> TASK OBJECTIVE
Your copy should begin with the line containing "S | 12-26 |", end with the line containing "Слайд 21А теперь", match the listing below exactly, and contain no pictures.

====== THE DATA ======

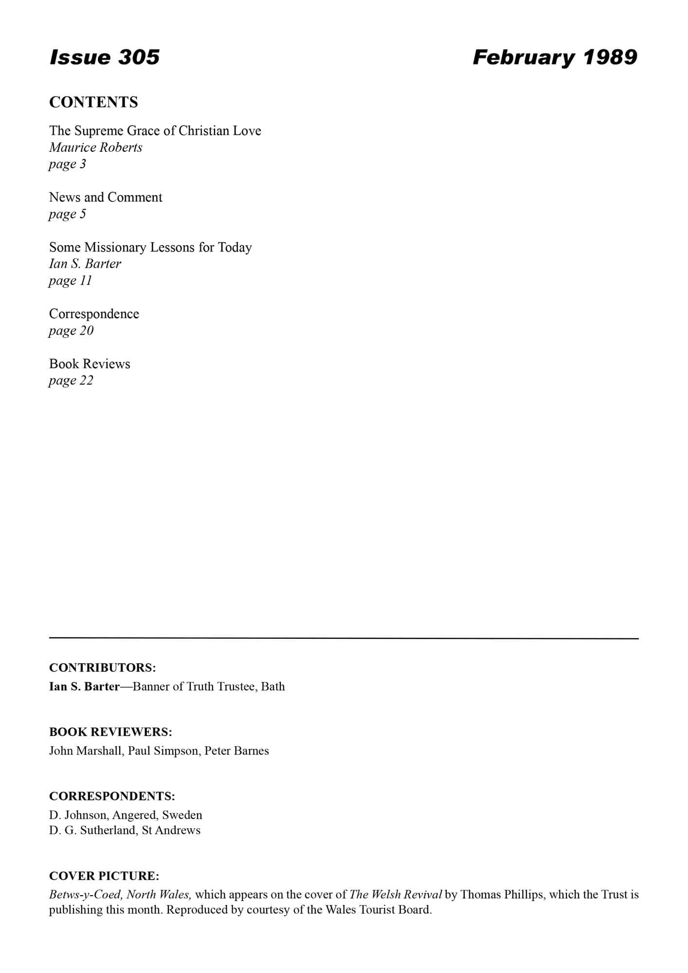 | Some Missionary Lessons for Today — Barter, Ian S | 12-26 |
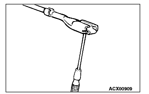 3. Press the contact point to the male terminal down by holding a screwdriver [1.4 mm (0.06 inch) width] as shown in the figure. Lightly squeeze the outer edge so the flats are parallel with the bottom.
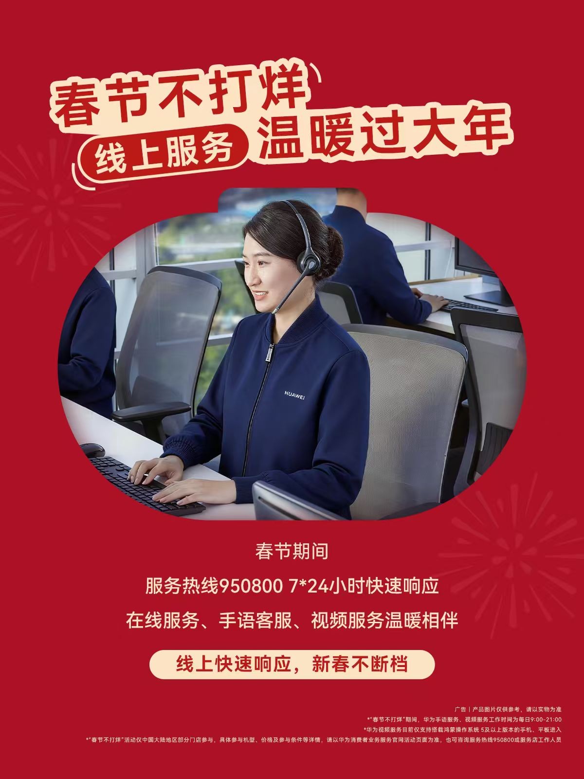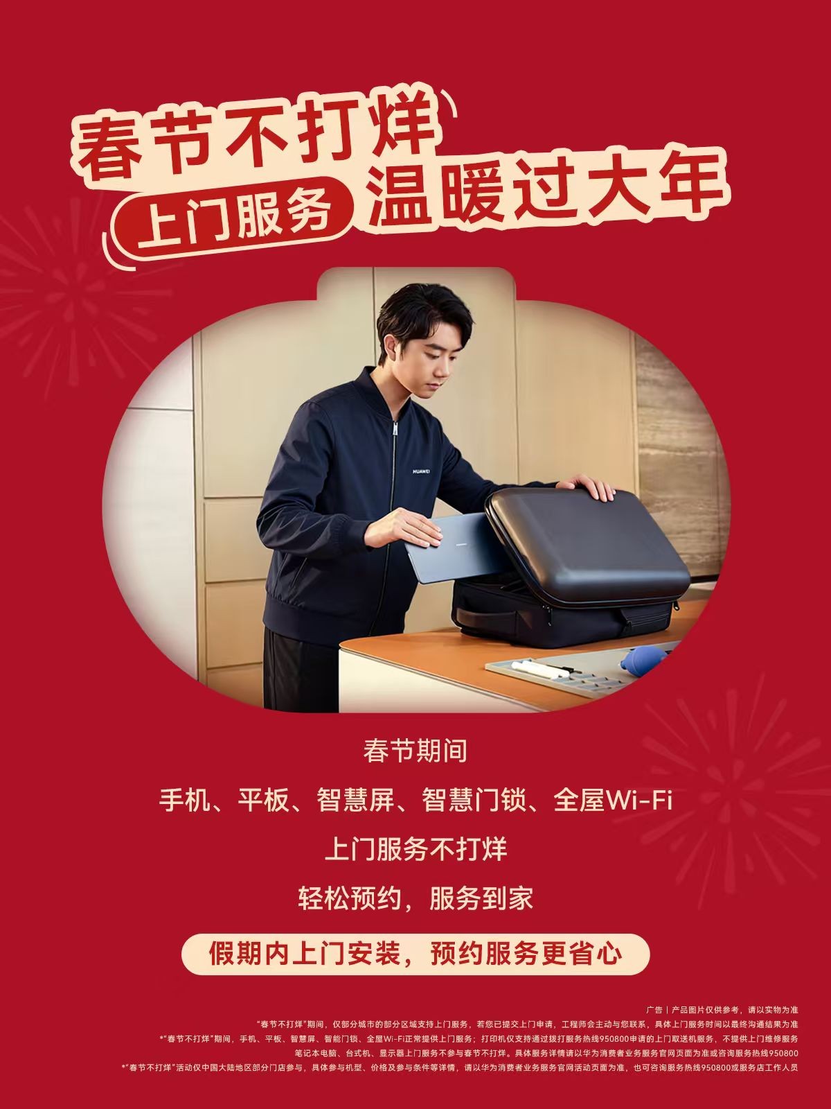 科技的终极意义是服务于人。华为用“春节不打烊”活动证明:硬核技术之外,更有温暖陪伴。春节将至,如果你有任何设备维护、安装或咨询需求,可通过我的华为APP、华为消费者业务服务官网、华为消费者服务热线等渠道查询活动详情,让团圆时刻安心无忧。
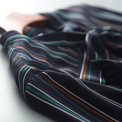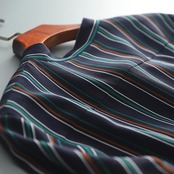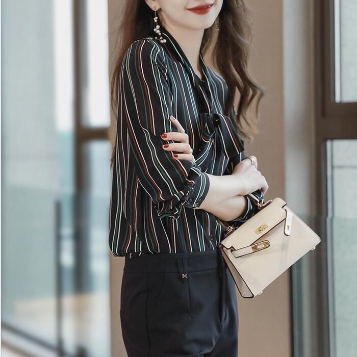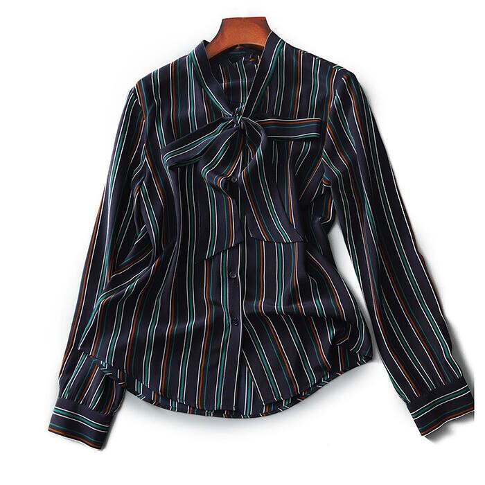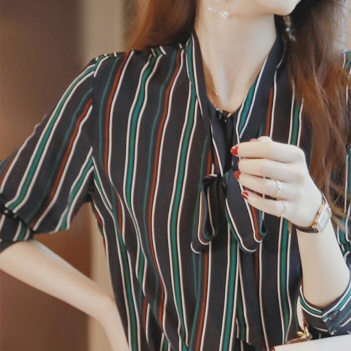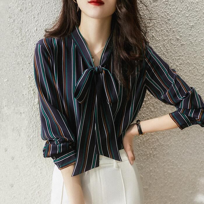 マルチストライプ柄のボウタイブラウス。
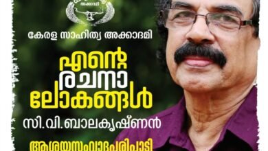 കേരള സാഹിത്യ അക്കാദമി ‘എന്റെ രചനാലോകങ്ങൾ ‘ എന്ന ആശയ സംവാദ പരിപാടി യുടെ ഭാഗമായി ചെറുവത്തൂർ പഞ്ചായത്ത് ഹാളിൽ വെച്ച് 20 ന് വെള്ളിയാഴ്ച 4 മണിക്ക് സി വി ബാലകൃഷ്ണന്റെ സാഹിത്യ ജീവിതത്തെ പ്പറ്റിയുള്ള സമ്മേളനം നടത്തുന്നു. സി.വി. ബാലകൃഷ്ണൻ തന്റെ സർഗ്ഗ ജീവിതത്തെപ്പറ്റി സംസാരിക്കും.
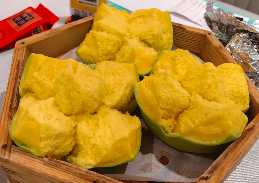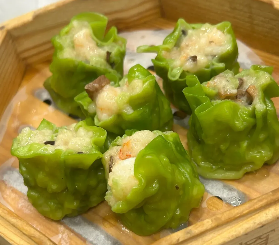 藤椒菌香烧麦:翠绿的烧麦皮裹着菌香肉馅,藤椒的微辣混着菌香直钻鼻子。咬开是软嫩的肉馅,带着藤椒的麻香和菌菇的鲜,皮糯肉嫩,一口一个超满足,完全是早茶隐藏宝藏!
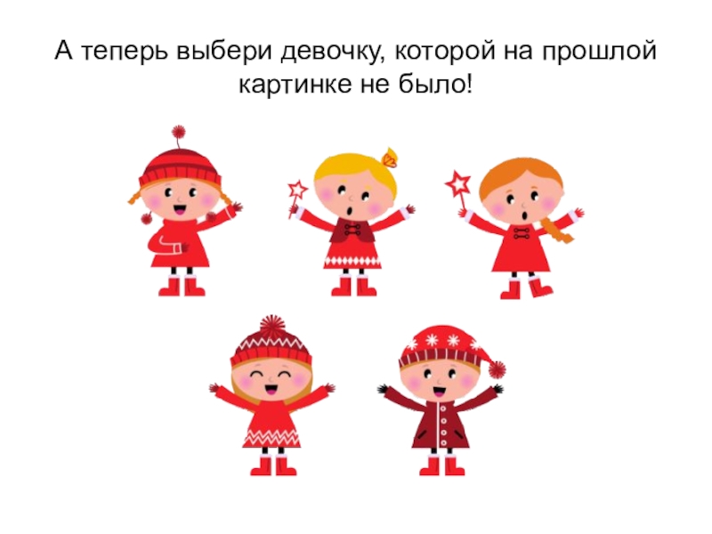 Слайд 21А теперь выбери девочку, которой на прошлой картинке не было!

======
====== THE DATA ======

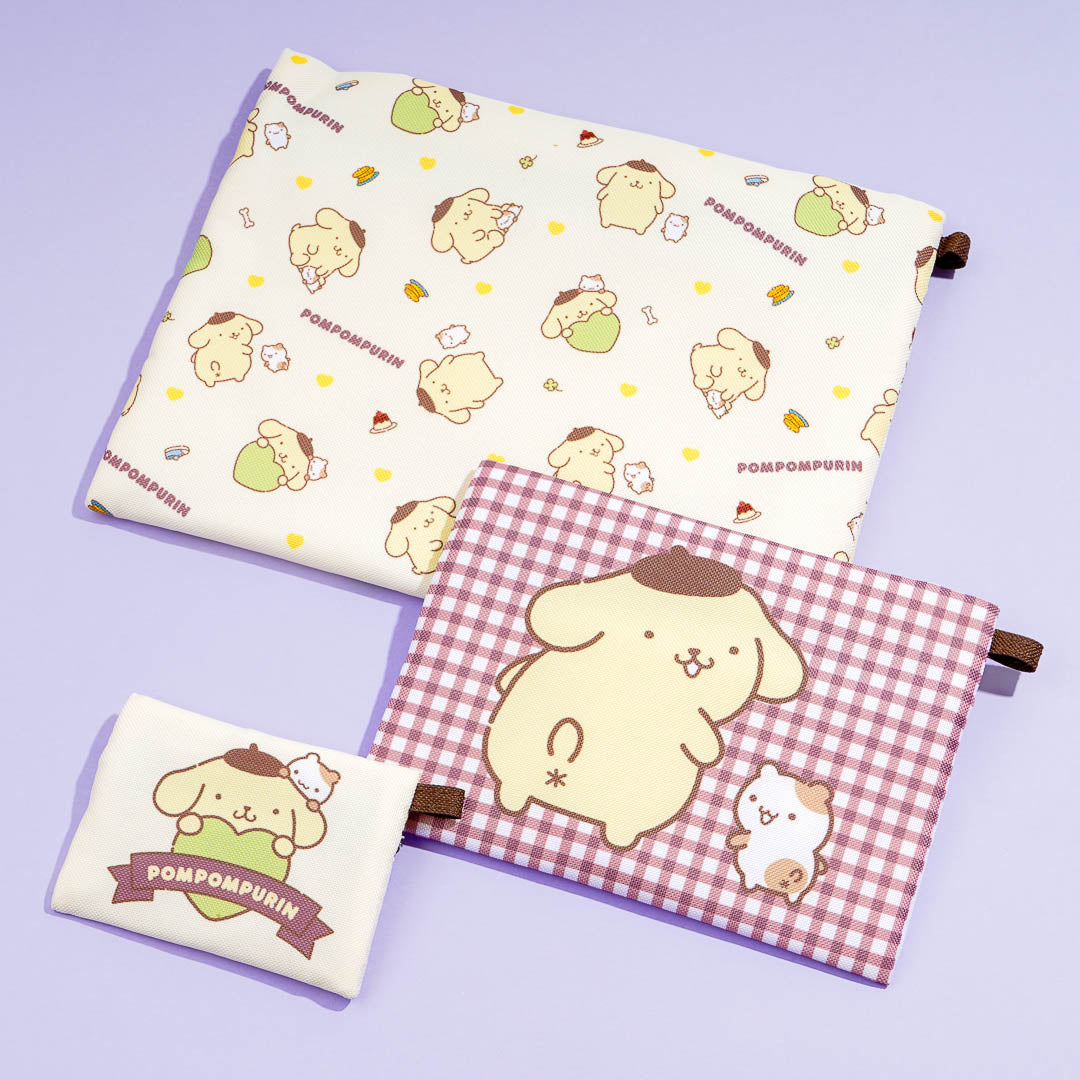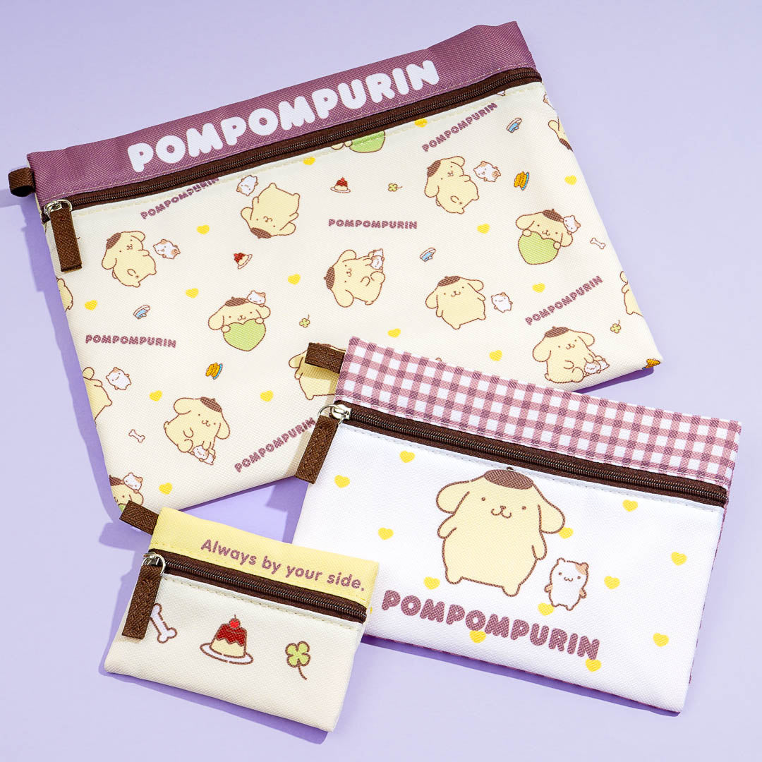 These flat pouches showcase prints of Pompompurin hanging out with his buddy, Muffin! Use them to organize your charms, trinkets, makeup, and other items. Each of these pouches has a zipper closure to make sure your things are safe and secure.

======
====== THE DATA ======

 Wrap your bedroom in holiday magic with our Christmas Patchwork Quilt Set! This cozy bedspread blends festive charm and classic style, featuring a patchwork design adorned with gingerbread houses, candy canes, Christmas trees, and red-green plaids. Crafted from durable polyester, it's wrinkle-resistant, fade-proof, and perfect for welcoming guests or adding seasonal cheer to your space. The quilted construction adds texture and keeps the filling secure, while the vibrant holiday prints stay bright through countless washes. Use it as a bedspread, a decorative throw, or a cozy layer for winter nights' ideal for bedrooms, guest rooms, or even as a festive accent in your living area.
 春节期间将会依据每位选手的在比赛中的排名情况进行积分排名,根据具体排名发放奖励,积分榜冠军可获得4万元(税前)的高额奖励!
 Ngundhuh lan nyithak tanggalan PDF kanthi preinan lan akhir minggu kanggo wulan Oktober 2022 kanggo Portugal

======

> SOLVED PROBLEM
 | Some Missionary Lessons for Today — Barter, Ian S | 12-26 |
 3. Press the contact point to the male terminal down by holding a screwdriver [1.4 mm (0.06 inch) width] as shown in the figure. Lightly squeeze the outer edge so the flats are parallel with the bottom.
 科技的终极意义是服务于人。华为用“春节不打烊”活动证明:硬核技术之外,更有温暖陪伴。春节将至,如果你有任何设备维护、安装或咨询需求,可通过我的华为APP、华为消费者业务服务官网、华为消费者服务热线等渠道查询活动详情,让团圆时刻安心无忧。
 マルチストライプ柄のボウタイブラウス。
 കേരള സാഹിത്യ അക്കാദമി ‘എന്റെ രചനാലോകങ്ങൾ ‘ എന്ന ആശയ സംവാദ പരിപാടി യുടെ ഭാഗമായി ചെറുവത്തൂർ പഞ്ചായത്ത് ഹാളിൽ വെച്ച് 20 ന് വെള്ളിയാഴ്ച 4 മണിക്ക് സി വി ബാലകൃഷ്ണന്റെ സാഹിത്യ ജീവിതത്തെ പ്പറ്റിയുള്ള സമ്മേളനം നടത്തുന്നു. സി.വി. ബാലകൃഷ്ണൻ തന്റെ സർഗ്ഗ ജീവിതത്തെപ്പറ്റി സംസാരിക്കും.
 藤椒菌香烧麦:翠绿的烧麦皮裹着菌香肉馅,藤椒的微辣混着菌香直钻鼻子。咬开是软嫩的肉馅,带着藤椒的麻香和菌菇的鲜,皮糯肉嫩,一口一个超满足,完全是早茶隐藏宝藏!
 Слайд 21А теперь выбери девочку, которой на прошлой картинке не было!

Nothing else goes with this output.